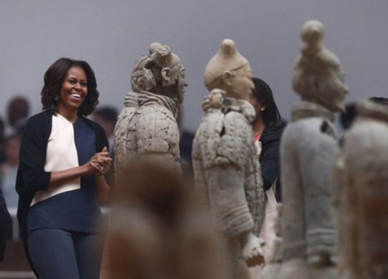 La ? First Lady ? des Etats-Unis, Michelle Obama a effectué une visite d'Etat du 20 au 26 mars en Chine. La ville de Xi'an faisait partie de ce séjour. Elle est venue voir, avec ceux qui l'accompagnent, les guerriers de terre cuite et monter sur la muraille entourant la ville, pour ressentir le charme de l'ancienne capitale. Les journalistes ont constaté que depuis, ces dernières années, nombreux sont les politiciens et célébrités américaines qui sont venus à Xi'an.
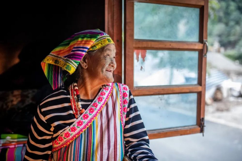 2020年10月27日,云南省贡山独龙族怒族自治县独龙江乡孔当村,独龙族“文面女”李文仕在窗边休息胡超摄/ 本刊
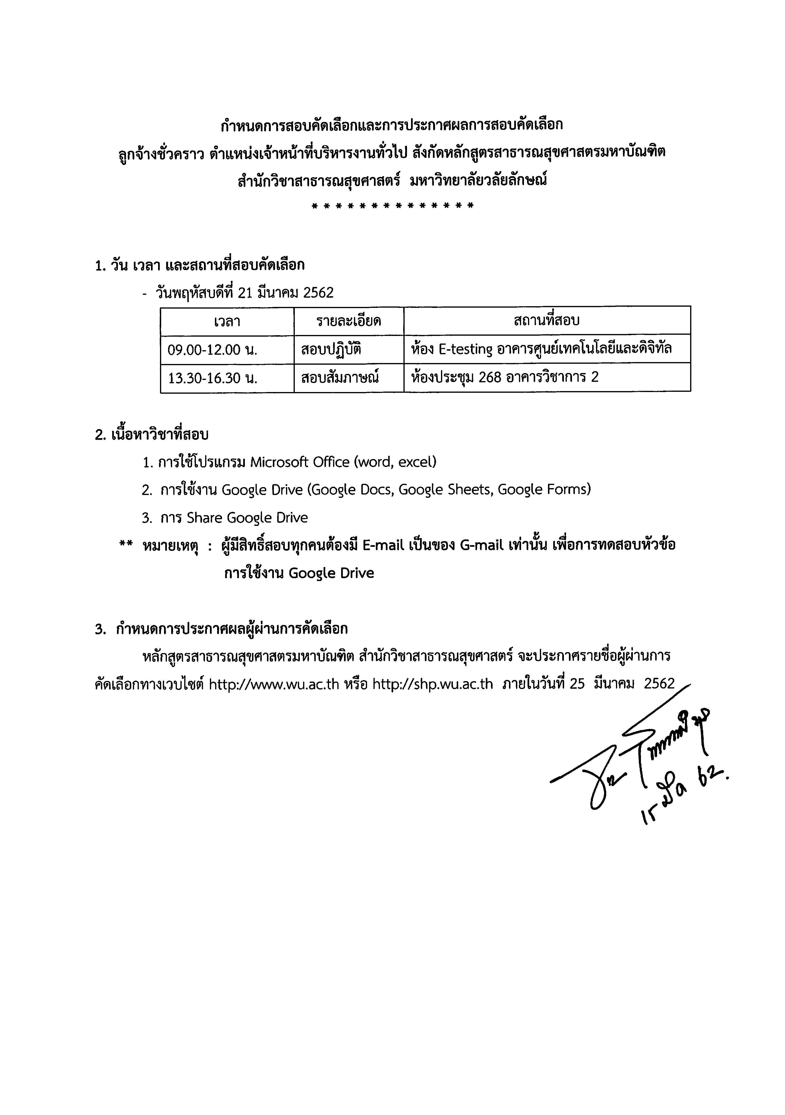 ตามที่หลักสูตรสาธารณสุขศาสตรมหาบัณฑิต สำนักวิชาสาธารณสุขศาสตร์ ได้ประกาศรับสมัครสอบคัดเลือกบุคคลทั่วไปเพื่อบรรจุเป็นลูกจ้างชั่วคราว ตำแหน่งเจ้าหน้าที่บริหารงานทั่วไป จำนวน 1 อัตรา รายละเอียดดังแจ้งแล้ว นั้น
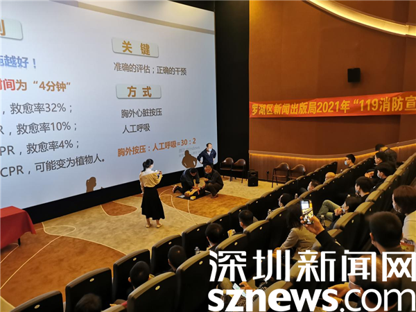 羅湖區(qū)委宣傳部常務(wù)副部長(zhǎng)章紅班對(duì)轄區(qū)行業(yè)“消防宣傳月”進(jìn)行部署和要求。隨后,安全專(zhuān)家講師羅靈在現(xiàn)場(chǎng)進(jìn)行了安全知識(shí)培訓(xùn)和心肺復(fù)蘇救助技能培訓(xùn)。
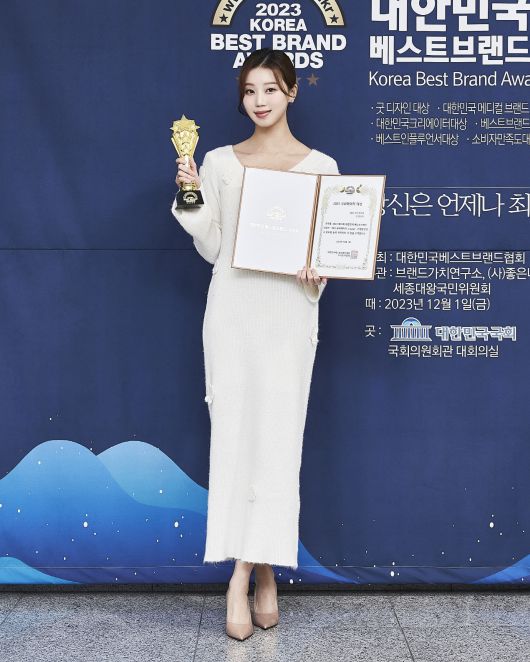 이에 수상을 한 2023 미스코리아 선 정규리가 기념촬영을 하고 있다.
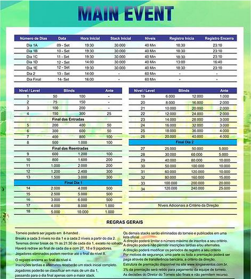 donde podrán comenzar a entrar en clima de competencia. El buy-in del Evento Principal será de R$1.300 con una bolsa de R$1.500.000 garantizados e incluirá cinco Dias 1, con la posibilidad de hacer un re-entry hasta el octavo nivel y registro tardío hasta el cuarto.
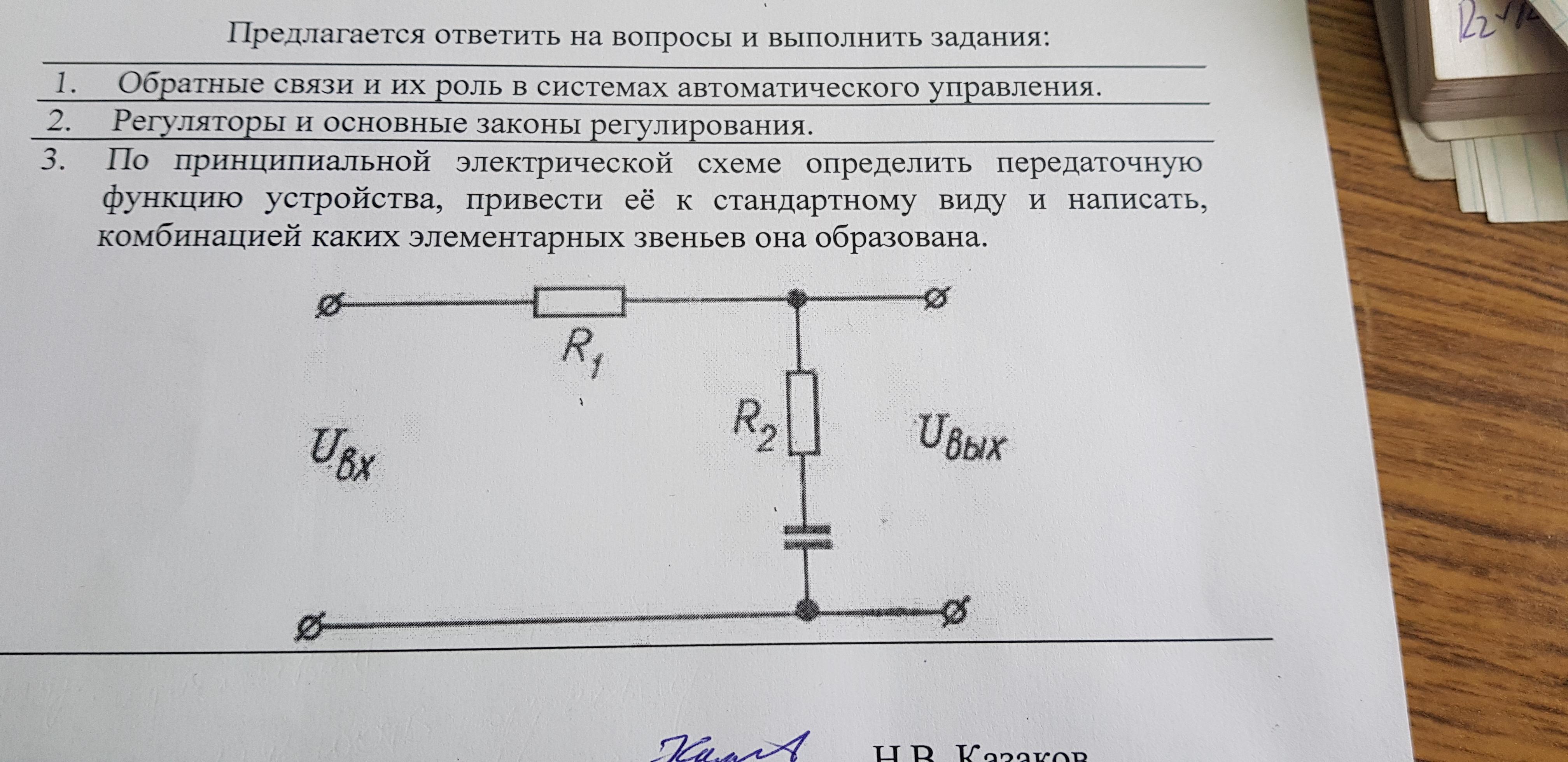 Передаточная функция W(p)=Uвых(p)/Uвх(р)=
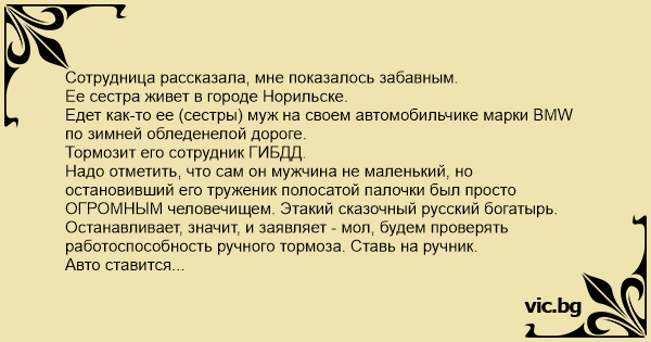 Сотрудница рассказала, мне показалось забавным. Ее сестра живет в городе Норильске. Едет как-то ее (сестры) муж на своем автомобильчике марки BMW по зимней обледенелой дороге. Тормозит его сотрудник ГИБДД. Надо отметить, что сам он мужчина не маленький, но остановивший его труженик полосатой палочки был просто ОГРОМНЫМ человечищем. Этакий сказочный русский богатырь. Останавливает, значит, и заявляет - мол, будем проверять работоспособность ручного тормоза. Ставь на ручник. Авто ставится на ручник, после чего гибддшник подходит к задку машины, слегка его приподнимает и не напрягаясь подталкивает вперед, после чего есс-но заявляет, что ручник не работает Муж вступает в дискуссию - говоря, что на улице гололед, и что, мол с такими данными эту машинку можно вообще на руках носить аки люльку. Мент непоколебим - едет машина и все тут - не работает ручник Пришлось раскошеливаться
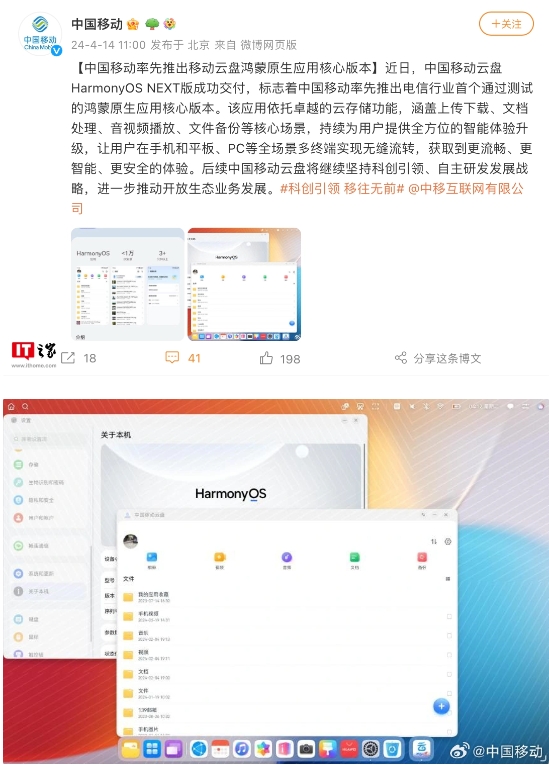 據“中國移動(dòng)”官方微博,中國移動(dòng)近日推出華為鴻蒙 HarmonyOS NEXT 版“移動(dòng)云盤(pán)” 原生 App,標志著(zhù)“中國移動(dòng)率先推出電信行業(yè)首個(gè)通過(guò)測試的鴻蒙原生應用核心版本”。
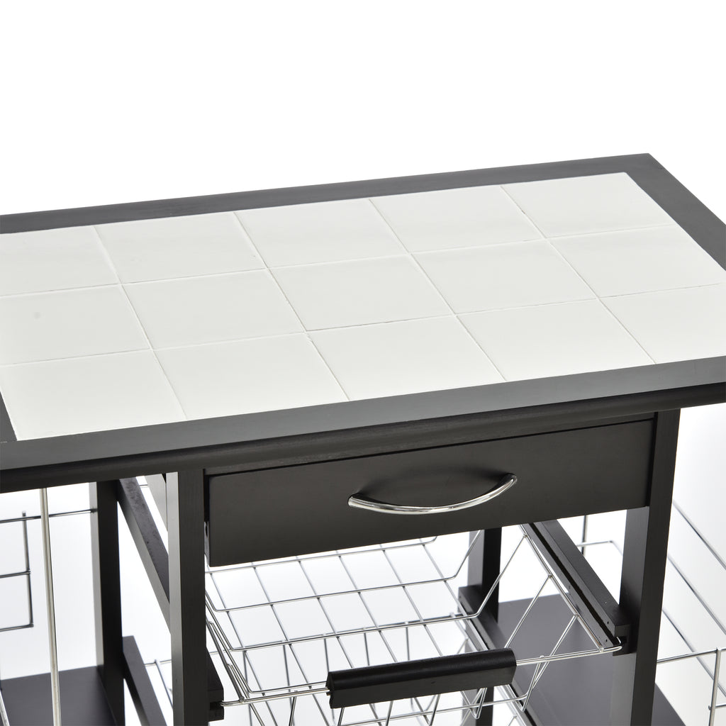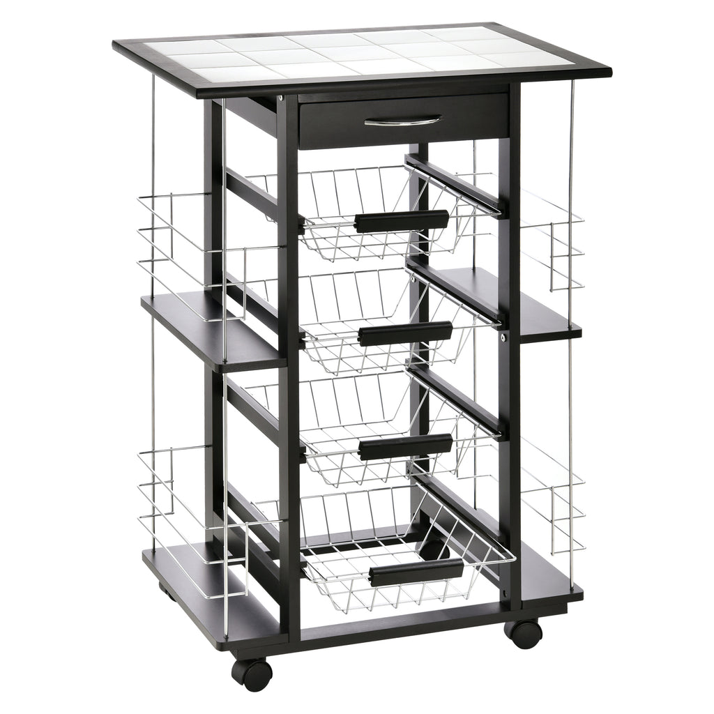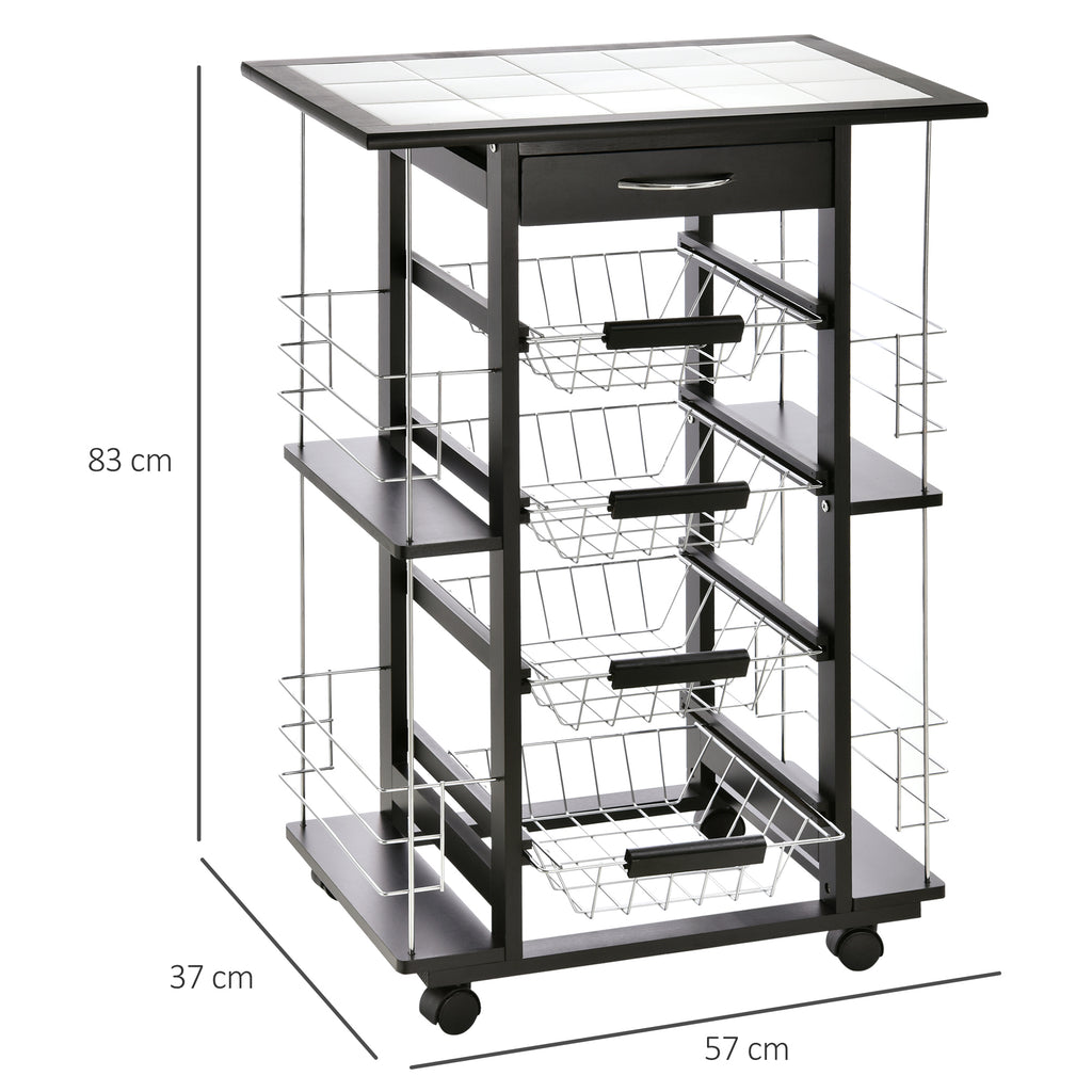 Desserte de Cuisine avec 4 Paniers et 4 Compartiments en Pin 57x37x83 cm Noir
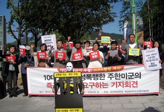 이강실 상임대표는 “죄질이 나쁜 범죄임에도 불구하고 우리가 제대로 수사도 하지 못하고 처벌도 하지 못하기 때문에 이런 사건들이 계속 발생하고 있다”며 “무엇보다도 SOFA가 개정돼 이들이 처벌받아야만 성폭행을 줄일 수 있다고 생각한다”고 말했다.
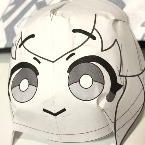 私の方で作るのはお顔の刺繍案(顔は刺繍にしました)と、髪のパーツです。購入したPDFの型紙を下敷きに、顔と前髪の刺繍図案を作成。テイルの髪パーツも同じように作っていきます。
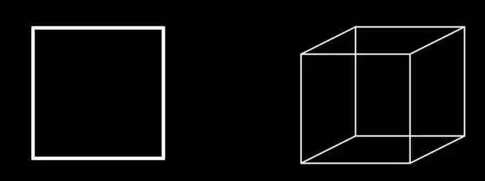 Работу множества измерений можно также изобразить на квадрате и кубе. В двухмерном пространстве (длина и ширина) куб будет выглядеть как квадрат. Но у него есть и третье измерение - высота. Так же и Вселенная может выглядеть по-другому в дополнительных измерениях.
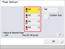 If [Custom] is displayed as the paper size when you load standard sized paper, press [Custom Size] → [Cancel Set.]. The proper paper size will be detected automatically and displayed on the screen.
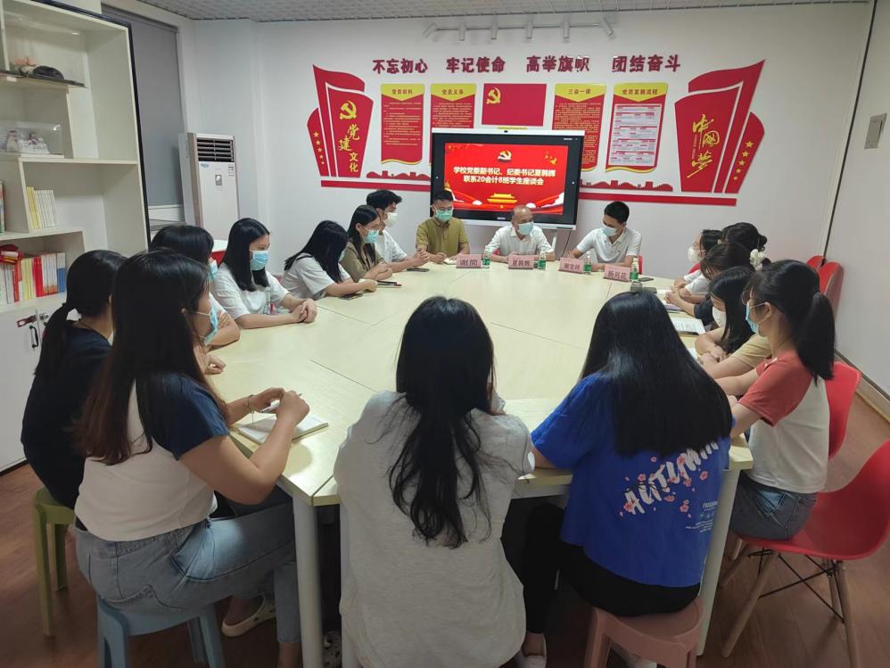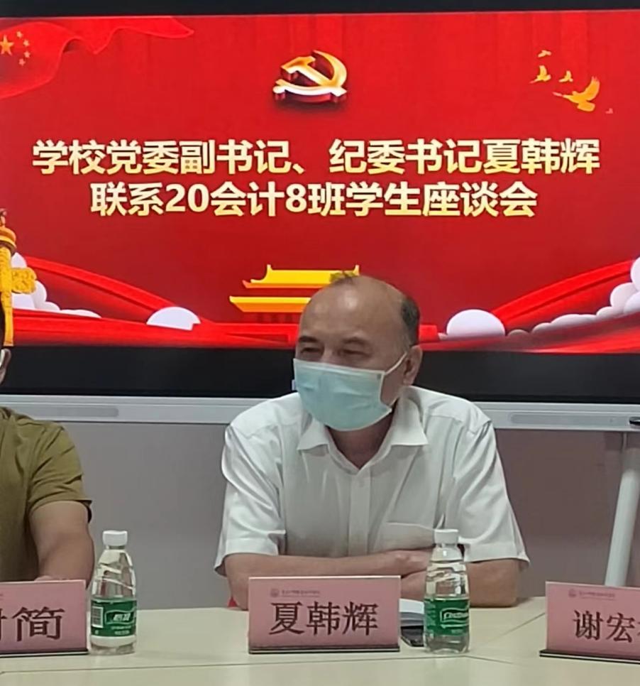 为庆祝中国共产党第二十次全国代表大会胜利召开,引导广大团员青年全面认识党的光辉历程和伟大成就,团结引领广大青少年坚定跟党走、建功新时代,推动学校落实立德树人根本任务,强化“三全育人”新格局,筑牢疫情防控常态化下的安全稳定之基,10月22日晚,学校党委副书记、纪委书记夏韩辉来到联系的20会计8班,开展了以“展现时代担当 守护防疫屏障 以青春力量献礼党的二十大”为主题的座谈会,与同学们一起谈担当、话成长。工商管理学院党总支副书记谢宏祥,辅导员谢简、杨兴花,以及14位学生代表参加了座谈会。

**EXERCISE GOAL**: Type the entries again verbatim. Any pictures should be skipped.

**SOLUTION BELOW**:
 La ? First Lady ? des Etats-Unis, Michelle Obama a effectué une visite d'Etat du 20 au 26 mars en Chine. La ville de Xi'an faisait partie de ce séjour. Elle est venue voir, avec ceux qui l'accompagnent, les guerriers de terre cuite et monter sur la muraille entourant la ville, pour ressentir le charme de l'ancienne capitale. Les journalistes ont constaté que depuis, ces dernières années, nombreux sont les politiciens et célébrités américaines qui sont venus à Xi'an.
 2020年10月27日,云南省贡山独龙族怒族自治县独龙江乡孔当村,独龙族“文面女”李文仕在窗边休息胡超摄/ 本刊
 ตามที่หลักสูตรสาธารณสุขศาสตรมหาบัณฑิต สำนักวิชาสาธารณสุขศาสตร์ ได้ประกาศรับสมัครสอบคัดเลือกบุคคลทั่วไปเพื่อบรรจุเป็นลูกจ้างชั่วคราว ตำแหน่งเจ้าหน้าที่บริหารงานทั่วไป จำนวน 1 อัตรา รายละเอียดดังแจ้งแล้ว นั้น
 羅湖區(qū)委宣傳部常務(wù)副部長(zhǎng)章紅班對(duì)轄區(qū)行業(yè)“消防宣傳月”進(jìn)行部署和要求。隨后,安全專(zhuān)家講師羅靈在現(xiàn)場(chǎng)進(jìn)行了安全知識(shí)培訓(xùn)和心肺復(fù)蘇救助技能培訓(xùn)。
 이에 수상을 한 2023 미스코리아 선 정규리가 기념촬영을 하고 있다.
 donde podrán comenzar a entrar en clima de competencia. El buy-in del Evento Principal será de R$1.300 con una bolsa de R$1.500.000 garantizados e incluirá cinco Dias 1, con la posibilidad de hacer un re-entry hasta el octavo nivel y registro tardío hasta el cuarto.
 Передаточная функция W(p)=Uвых(p)/Uвх(р)=
 Сотрудница рассказала, мне показалось забавным. Ее сестра живет в городе Норильске. Едет как-то ее (сестры) муж на своем автомобильчике марки BMW по зимней обледенелой дороге. Тормозит его сотрудник ГИБДД. Надо отметить, что сам он мужчина не маленький, но остановивший его труженик полосатой палочки был просто ОГРОМНЫМ человечищем. Этакий сказочный русский богатырь. Останавливает, значит, и заявляет - мол, будем проверять работоспособность ручного тормоза. Ставь на ручник. Авто ставится на ручник, после чего гибддшник подходит к задку машины, слегка его приподнимает и не напрягаясь подталкивает вперед, после чего есс-но заявляет, что ручник не работает Муж вступает в дискуссию - говоря, что на улице гололед, и что, мол с такими данными эту машинку можно вообще на руках носить аки люльку. Мент непоколебим - едет машина и все тут - не работает ручник Пришлось раскошеливаться
 據“中國移動(dòng)”官方微博,中國移動(dòng)近日推出華為鴻蒙 HarmonyOS NEXT 版“移動(dòng)云盤(pán)” 原生 App,標志著(zhù)“中國移動(dòng)率先推出電信行業(yè)首個(gè)通過(guò)測試的鴻蒙原生應用核心版本”。
 Desserte de Cuisine avec 4 Paniers et 4 Compartiments en Pin 57x37x83 cm Noir
 이강실 상임대표는 “죄질이 나쁜 범죄임에도 불구하고 우리가 제대로 수사도 하지 못하고 처벌도 하지 못하기 때문에 이런 사건들이 계속 발생하고 있다”며 “무엇보다도 SOFA가 개정돼 이들이 처벌받아야만 성폭행을 줄일 수 있다고 생각한다”고 말했다.
 私の方で作るのはお顔の刺繍案(顔は刺繍にしました)と、髪のパーツです。購入したPDFの型紙を下敷きに、顔と前髪の刺繍図案を作成。テイルの髪パーツも同じように作っていきます。
 Работу множества измерений можно также изобразить на квадрате и кубе. В двухмерном пространстве (длина и ширина) куб будет выглядеть как квадрат. Но у него есть и третье измерение - высота. Так же и Вселенная может выглядеть по-другому в дополнительных измерениях.
 If [Custom] is displayed as the paper size when you load standard sized paper, press [Custom Size] → [Cancel Set.]. The proper paper size will be detected automatically and displayed on the screen.
 为庆祝中国共产党第二十次全国代表大会胜利召开,引导广大团员青年全面认识党的光辉历程和伟大成就,团结引领广大青少年坚定跟党走、建功新时代,推动学校落实立德树人根本任务,强化“三全育人”新格局,筑牢疫情防控常态化下的安全稳定之基,10月22日晚,学校党委副书记、纪委书记夏韩辉来到联系的20会计8班,开展了以“展现时代担当 守护防疫屏障 以青春力量献礼党的二十大”为主题的座谈会,与同学们一起谈担当、话成长。工商管理学院党总支副书记谢宏祥,辅导员谢简、杨兴花,以及14位学生代表参加了座谈会。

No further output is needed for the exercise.